New data suggest that social distancing and reopening haven’t determined the spread.
TrendMacro, my analytics firm, tallied the cumulative number of reported cases of Covid-19 in each state and the District of Columbia as a percentage of population, based on data from state and local health departments aggregated by the Covid Tracking Project. We then compared that with the timing and intensity of the lockdown in each jurisdiction. That is measured not by the mandates put in place by government officials, but rather by observing what people in each jurisdiction actually did, along with their baseline behavior before the lockdowns. This is captured in highly detailed anonymized cellphone tracking data provided by Google and others and tabulated by the University of Maryland’s Transportation Institute into a “Social Distancing Index.”
Measuring from the start of the year to each state’s point of maximum lockdown—which range from April 5 to April 18—it turns out that lockdowns correlated with a greater spread of the virus. States with longer, stricter lockdowns also had larger Covid outbreaks. The five places with the harshest lockdowns—the District of Columbia, New York, Michigan, New Jersey and Massachusetts—had the heaviest caseloads.

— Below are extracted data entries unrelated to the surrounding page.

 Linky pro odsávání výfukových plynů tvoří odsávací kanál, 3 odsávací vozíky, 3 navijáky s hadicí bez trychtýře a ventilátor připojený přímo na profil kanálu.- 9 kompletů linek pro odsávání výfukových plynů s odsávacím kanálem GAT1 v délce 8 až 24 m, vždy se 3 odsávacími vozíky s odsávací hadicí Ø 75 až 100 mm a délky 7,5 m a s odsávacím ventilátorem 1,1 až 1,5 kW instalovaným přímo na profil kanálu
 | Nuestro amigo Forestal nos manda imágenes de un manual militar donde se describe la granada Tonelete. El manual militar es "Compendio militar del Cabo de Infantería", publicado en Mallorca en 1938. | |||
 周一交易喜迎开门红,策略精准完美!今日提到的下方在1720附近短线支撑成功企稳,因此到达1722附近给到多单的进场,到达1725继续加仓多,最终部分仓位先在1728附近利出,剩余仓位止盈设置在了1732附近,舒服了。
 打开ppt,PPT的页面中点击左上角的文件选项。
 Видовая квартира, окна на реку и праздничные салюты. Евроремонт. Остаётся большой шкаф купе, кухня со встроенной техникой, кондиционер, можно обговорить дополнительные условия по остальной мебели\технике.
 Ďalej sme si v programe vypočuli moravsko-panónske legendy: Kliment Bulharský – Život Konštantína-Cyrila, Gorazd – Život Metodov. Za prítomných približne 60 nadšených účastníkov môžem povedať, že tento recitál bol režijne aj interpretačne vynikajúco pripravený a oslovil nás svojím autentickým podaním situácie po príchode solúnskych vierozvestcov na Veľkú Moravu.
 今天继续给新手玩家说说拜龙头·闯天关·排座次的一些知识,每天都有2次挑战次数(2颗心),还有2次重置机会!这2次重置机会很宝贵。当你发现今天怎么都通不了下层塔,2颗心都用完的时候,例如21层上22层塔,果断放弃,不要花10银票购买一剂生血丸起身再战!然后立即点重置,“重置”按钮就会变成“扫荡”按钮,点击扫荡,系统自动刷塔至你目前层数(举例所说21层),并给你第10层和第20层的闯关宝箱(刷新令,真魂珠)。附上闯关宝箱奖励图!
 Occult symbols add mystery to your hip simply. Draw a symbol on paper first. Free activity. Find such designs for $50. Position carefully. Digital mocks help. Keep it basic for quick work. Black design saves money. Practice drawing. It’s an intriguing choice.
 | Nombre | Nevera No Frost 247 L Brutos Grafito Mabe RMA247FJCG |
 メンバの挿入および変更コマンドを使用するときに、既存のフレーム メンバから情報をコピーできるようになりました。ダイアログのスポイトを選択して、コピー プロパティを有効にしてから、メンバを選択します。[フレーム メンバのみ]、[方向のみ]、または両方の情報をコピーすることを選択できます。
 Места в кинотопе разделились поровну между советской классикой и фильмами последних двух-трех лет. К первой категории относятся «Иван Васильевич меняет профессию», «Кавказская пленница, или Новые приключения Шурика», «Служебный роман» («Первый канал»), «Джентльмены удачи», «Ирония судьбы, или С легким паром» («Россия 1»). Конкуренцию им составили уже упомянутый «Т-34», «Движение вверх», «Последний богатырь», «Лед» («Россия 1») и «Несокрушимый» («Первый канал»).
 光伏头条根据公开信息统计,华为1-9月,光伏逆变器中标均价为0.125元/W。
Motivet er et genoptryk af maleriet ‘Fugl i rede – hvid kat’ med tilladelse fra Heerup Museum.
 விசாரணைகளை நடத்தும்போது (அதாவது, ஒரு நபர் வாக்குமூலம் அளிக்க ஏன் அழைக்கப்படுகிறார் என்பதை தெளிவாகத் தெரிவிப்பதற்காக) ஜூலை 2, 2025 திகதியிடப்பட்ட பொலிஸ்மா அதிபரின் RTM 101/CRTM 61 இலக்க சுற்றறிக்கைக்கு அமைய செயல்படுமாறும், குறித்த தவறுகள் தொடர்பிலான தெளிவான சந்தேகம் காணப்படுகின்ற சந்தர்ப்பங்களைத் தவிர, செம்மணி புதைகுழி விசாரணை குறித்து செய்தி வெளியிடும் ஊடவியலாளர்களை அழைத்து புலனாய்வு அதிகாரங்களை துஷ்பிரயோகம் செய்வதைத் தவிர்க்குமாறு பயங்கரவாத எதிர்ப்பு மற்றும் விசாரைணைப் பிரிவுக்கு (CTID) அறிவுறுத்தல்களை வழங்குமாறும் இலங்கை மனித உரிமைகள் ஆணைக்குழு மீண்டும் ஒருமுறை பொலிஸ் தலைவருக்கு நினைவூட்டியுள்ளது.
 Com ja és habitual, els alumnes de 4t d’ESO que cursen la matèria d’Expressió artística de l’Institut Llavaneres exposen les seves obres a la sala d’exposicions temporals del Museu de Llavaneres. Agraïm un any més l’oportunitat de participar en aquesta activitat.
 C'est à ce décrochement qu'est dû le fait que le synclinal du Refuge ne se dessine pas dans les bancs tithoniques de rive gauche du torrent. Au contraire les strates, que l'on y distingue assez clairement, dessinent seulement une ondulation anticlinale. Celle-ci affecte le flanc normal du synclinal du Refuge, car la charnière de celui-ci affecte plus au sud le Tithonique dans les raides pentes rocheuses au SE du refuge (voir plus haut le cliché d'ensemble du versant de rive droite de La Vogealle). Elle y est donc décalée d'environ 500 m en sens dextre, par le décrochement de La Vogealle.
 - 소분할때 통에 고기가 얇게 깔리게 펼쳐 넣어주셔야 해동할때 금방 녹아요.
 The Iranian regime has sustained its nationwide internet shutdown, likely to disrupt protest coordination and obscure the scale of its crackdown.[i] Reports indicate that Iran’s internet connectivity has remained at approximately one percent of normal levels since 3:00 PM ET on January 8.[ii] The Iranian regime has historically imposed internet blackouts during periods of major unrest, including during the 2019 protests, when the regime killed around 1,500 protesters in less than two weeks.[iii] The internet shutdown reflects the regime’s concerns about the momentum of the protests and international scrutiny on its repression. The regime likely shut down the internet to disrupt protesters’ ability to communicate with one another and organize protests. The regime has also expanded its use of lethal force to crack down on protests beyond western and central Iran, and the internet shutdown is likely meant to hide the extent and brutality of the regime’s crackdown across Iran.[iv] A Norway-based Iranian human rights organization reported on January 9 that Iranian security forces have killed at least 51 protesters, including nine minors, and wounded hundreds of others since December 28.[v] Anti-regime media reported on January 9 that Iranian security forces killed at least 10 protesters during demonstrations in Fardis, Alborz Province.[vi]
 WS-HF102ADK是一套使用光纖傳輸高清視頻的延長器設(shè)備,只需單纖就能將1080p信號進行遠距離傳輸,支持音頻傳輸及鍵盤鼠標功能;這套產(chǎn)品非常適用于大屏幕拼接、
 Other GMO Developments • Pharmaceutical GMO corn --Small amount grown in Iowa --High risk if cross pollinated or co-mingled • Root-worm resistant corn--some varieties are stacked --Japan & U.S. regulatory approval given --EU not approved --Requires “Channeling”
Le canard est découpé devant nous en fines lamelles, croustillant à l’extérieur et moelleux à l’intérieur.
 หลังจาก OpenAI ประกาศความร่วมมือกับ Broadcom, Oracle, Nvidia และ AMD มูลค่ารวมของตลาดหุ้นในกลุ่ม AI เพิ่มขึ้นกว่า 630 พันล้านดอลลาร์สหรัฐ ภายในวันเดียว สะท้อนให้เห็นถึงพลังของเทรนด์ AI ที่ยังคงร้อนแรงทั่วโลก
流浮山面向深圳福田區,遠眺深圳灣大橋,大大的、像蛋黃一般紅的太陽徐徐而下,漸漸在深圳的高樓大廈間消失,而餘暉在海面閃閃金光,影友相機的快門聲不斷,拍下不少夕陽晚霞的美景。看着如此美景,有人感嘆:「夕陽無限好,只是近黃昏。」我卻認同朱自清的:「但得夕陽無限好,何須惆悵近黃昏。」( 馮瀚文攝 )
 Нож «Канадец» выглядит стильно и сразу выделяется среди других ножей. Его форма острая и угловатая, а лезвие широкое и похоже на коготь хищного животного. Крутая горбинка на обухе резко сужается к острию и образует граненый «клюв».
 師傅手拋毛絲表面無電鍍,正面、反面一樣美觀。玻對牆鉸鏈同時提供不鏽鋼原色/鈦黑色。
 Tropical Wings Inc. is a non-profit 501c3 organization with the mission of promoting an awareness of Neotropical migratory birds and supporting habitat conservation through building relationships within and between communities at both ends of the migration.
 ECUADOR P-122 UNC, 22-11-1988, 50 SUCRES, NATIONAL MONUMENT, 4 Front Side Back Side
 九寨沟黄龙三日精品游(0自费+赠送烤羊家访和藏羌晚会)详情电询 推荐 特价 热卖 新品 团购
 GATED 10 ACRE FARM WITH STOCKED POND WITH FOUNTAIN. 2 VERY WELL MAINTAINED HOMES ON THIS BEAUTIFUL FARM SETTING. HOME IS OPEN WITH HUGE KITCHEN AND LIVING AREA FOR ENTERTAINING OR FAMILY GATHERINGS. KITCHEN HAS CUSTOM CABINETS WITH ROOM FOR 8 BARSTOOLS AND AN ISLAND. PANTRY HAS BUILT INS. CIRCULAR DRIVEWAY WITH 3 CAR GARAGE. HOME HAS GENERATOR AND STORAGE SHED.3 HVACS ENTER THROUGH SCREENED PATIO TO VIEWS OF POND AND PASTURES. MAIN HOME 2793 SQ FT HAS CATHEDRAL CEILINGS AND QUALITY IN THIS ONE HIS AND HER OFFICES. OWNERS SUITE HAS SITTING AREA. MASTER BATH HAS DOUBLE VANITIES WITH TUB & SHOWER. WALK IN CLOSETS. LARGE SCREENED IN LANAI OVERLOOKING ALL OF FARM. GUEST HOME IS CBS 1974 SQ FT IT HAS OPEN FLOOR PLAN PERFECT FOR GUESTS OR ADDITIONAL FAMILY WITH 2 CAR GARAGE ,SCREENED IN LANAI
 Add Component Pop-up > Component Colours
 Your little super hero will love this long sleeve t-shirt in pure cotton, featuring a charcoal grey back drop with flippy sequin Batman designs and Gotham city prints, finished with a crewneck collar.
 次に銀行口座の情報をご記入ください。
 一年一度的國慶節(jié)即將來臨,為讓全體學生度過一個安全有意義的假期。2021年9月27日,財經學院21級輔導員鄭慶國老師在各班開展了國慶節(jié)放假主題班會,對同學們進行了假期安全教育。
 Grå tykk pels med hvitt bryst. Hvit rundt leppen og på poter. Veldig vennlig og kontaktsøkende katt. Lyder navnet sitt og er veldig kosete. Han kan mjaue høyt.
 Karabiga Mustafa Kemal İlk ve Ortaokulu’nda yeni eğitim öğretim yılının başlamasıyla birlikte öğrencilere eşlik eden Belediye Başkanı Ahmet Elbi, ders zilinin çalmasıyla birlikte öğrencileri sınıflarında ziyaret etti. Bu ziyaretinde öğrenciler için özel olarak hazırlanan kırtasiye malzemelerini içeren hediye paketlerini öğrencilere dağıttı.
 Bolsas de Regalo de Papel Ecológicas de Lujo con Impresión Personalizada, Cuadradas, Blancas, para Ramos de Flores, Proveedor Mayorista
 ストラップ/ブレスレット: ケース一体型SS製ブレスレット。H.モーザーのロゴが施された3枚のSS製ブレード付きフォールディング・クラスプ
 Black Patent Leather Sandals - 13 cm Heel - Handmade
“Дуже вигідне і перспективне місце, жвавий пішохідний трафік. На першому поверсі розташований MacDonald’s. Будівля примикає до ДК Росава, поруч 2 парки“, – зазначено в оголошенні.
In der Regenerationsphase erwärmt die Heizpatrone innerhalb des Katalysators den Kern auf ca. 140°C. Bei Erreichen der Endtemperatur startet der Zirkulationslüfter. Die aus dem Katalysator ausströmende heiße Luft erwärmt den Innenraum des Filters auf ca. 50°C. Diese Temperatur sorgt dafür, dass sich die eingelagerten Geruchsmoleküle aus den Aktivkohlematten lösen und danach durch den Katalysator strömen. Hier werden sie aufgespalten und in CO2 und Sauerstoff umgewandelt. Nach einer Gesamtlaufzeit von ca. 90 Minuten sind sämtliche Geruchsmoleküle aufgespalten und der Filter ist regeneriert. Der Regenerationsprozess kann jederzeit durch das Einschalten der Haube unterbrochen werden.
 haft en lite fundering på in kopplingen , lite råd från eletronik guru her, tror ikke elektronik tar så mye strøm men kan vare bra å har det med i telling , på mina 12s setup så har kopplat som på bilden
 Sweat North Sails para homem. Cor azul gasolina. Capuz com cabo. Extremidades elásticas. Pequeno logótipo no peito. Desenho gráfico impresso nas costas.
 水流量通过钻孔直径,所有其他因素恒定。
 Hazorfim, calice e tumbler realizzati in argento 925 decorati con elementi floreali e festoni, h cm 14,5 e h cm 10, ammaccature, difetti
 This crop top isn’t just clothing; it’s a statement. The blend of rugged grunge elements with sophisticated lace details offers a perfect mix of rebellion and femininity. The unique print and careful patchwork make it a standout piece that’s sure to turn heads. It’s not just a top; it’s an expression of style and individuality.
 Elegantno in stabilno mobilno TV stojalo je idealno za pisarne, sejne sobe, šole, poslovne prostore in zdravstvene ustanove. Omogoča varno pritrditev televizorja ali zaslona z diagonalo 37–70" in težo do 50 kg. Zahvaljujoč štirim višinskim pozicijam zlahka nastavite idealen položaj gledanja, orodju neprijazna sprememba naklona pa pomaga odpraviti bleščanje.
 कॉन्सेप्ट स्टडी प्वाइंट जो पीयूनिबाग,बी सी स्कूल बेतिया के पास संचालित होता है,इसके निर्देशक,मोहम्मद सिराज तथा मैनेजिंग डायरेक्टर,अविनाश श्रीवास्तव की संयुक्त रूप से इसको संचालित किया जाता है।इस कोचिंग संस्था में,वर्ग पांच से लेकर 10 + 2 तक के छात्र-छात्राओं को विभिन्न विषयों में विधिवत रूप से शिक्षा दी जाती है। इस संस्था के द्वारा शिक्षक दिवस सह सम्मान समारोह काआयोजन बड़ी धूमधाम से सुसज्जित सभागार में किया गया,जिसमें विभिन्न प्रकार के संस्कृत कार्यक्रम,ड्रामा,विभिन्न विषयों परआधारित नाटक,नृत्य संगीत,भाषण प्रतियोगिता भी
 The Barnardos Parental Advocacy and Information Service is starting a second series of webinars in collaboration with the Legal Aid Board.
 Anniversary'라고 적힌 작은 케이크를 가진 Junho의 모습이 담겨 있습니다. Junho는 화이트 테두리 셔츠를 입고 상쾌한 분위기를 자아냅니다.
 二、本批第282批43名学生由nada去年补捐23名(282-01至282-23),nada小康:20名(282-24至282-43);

It could be that strict lockdowns were imposed as a response to already severe outbreaks. But the surprising negative correlation, while statistically weak, persists even when excluding states with the heaviest caseloads. And it makes no difference if the analysis includes other potential explanatory factors such as population density, age, ethnicity, prevalence of nursing homes, general health or temperature. The only factor that seems to make a demonstrable difference is the intensity of mass-transit use.
We ran the experiment a second time to observe the effects on caseloads of the reopening that began in mid-April. We used the same methodology, but started from each state’s peak of lockdown and extended to July 31. Confirming the first experiment, there was a tendency (though fairly weak) for states that opened up the most to have the lightest caseloads. The states that had the big summer flare-ups in the so-called “Sunbelt second wave”—Arizona, California, Florida and Texas—are by no means the most opened up, politicized headlines notwithstanding.
The lesson is not that lockdowns made the spread of Covid-19 worse—although the raw evidence might suggest that—but that lockdowns probably didn’t help, and opening up didn’t hurt. This defies common sense. In theory, the spread of an infectious disease ought to be controllable by quarantine. Evidently not in practice, though we are aware of no researcher who understands why not.
We’re not the only researchers to have discovered this statistical relationship. We first published a version of these findings in April, around the same time similar findings appeared in these pages. In July, a publication of the Lancet published research that found similar results looking across countries rather than U.S. states. “A longer time prior to implementation of any lockdown was associated with a lower number of detected cases,” the study concludes. Those findings have now been enhanced by sophisticated measures of actual social distancing, and data from the reopening phase.
There are experimental controls that all this research lacks. There are no observable instances in which there were either total lockdowns or no lockdowns at all. But there’s no escaping the evidence that, at minimum, heavy lockdowns were no more effective than light ones, and that opening up a lot was no more harmful than opening up a little. So where’s the science that would justify the heavy lockdowns many public-health officials are still demanding?
With the evidence we now possess, even the most risk-averse and single-minded public-health officials should hesitate before demanding the next lockdown and causing the next economic recession.
Mr. Luskin is chief investment officer of TrendMacro.